Но он, дурак, ничего не понял и двинулся вперед, прямо к ней. От его шагов крупно задрожали головки ромашек, волшебная бабочка царственно расправила крылья и медленно, с достоинством скрылась из виду.
– Идиот, – в сердцах сказала Шань. – Придурок.
– Help me. Help me please… [13]13
Помогите мне. Помогите, пожалуйста (англ.).
[Закрыть]– ответило ей это чудовище.
Вблизи было видно, что белки́ глаз у него совершенно красные и на месте левого уха – черно-красная дыра.
Эмико долго думала после над тем, какими странными и непредсказуемыми бывают порой детские реакции. Тринадцатилетняя Шань страшно злилась из-за бабочки, но почему-то совсем не боялась идущего прямо на нее человека. Не боялась, а следовательно, и не убегала. Он не был опасным. Он был очень, очень несчастным. И она понимала, что он отчаянно просит о помощи, хотя не знала, на каком языке. Нет, это точно не русский, решила она тогда. Русский язык звучит иначе.
Он был американцем, братом сотрудника американской дипмиссии. Это выяснилось уже у Шань дома – ее отец немного знал английский и французский. Американца звали Майкл, он имел несчастье приехать к брату в гости в Харбин на их общее тридцатилетие – сюрприз, так сказать. В детстве они были очень близки, ну это естественно, так бывает у двойняшек. Японские жандармы взяли его прямо на улице, когда он шел с рынка, радуясь солнышку, довольный своими покупками, весь в мыслях о том, как они с братом отметят вечером, нажарят мяса, выпьют виски…
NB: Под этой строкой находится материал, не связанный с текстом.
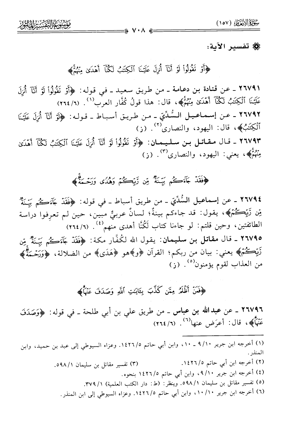 ٢٦٧٩٣ - قال مقاتل بن سليمان: {أو تقولوا لو أنا أنزل علينا الكتاب لكنا أهدى منهم}، يعني: اليهود، والنصارى (¬٣). (ز)
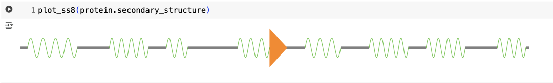 secondary_structure属性包含二级结构的表示。在高级别的分类中,我们可以将每个氨基酸分为三类:α螺旋、β折叠和卷曲,我们可以在前面的3D可视化中看到。

Обвинение в шпионаже в пользу иностранных разведок Майклу предъявили уже здесь, в «Приюте». Он сразу догадался, что произошла ошибка – ужасная или прекрасная, это с какой стороны посмотреть. Японцы приняли его за брата. Он не стал ничего объяснять. А если бы и стал – это было бы бесполезно. Никто в разговоры с ним вступать не собирался. В первые дни его били палками, прижигали икры газовой горелкой и методично, не теряя спокойствия, резали кожу зазубренным ножом. Очень скоро он понял: из «Приюта» никто и никогда не выходит живым, хоть прав ты, хоть виноват. Если уж ты попал сюда, ты – не человек, ты – бревно. Именно так его палачи называли узников – «бревна», материал для исследований. Но – вот же чудо! – решил тряхнуть стариной его детский ангел, который, как всегда думал Майкл, жил на чердаке их оклахомской фермы и исправно приходил на помощь в безвыходных случаях. В «Приюте» случилась нештатная ситуация – едва ли не единственная за все время существования лагеря. Майкла и нескольких русских заключенных, сотрудников дальневосточного НКВД, на свою голову сбежавших в Харбин от сталинских репрессий, японцы заставили грузить в товарняк осколочные бомбы. Вместе с бомбами, при усиленной охране, конечно, заключенные должны были отправиться на станцию Аньда.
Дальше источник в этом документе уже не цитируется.